### Required work:
When you reach the line with "Last week I" in the listing below, write out that line and every one after it exactly, and skip the pictures.

### Data below:
------------------------------------------------------------
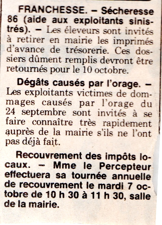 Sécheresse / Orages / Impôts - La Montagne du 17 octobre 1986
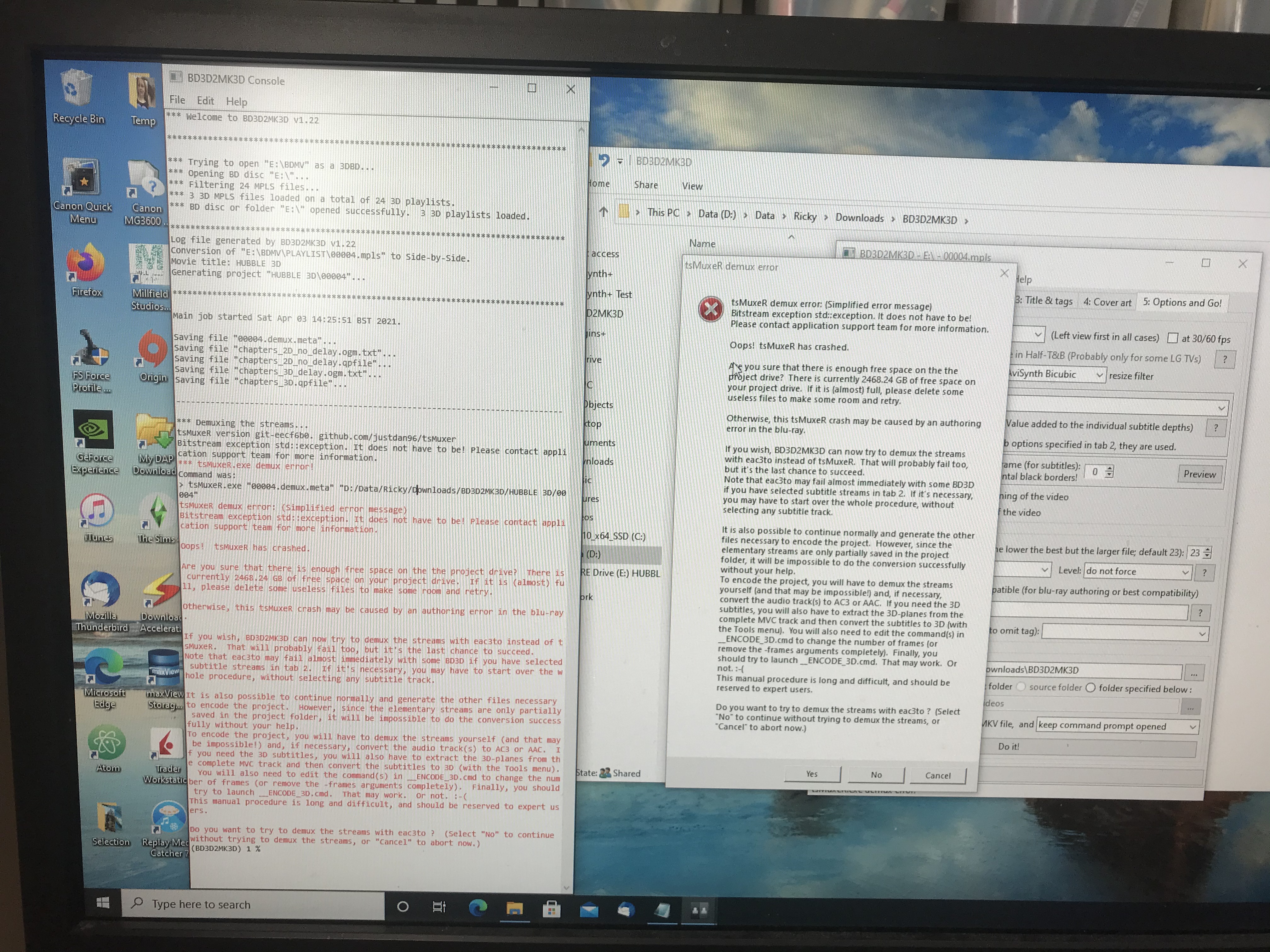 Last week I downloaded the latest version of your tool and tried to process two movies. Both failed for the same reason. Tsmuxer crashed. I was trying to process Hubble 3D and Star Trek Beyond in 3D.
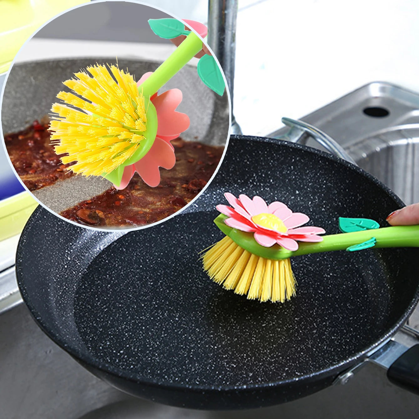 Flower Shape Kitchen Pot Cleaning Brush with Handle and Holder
------------------------------------------------------------
### Solution for this exercise:
 Last week I downloaded the latest version of your tool and tried to process two movies. Both failed for the same reason. Tsmuxer crashed. I was trying to process Hubble 3D and Star Trek Beyond in 3D.
 Flower Shape Kitchen Pot Cleaning Brush with Handle and Holder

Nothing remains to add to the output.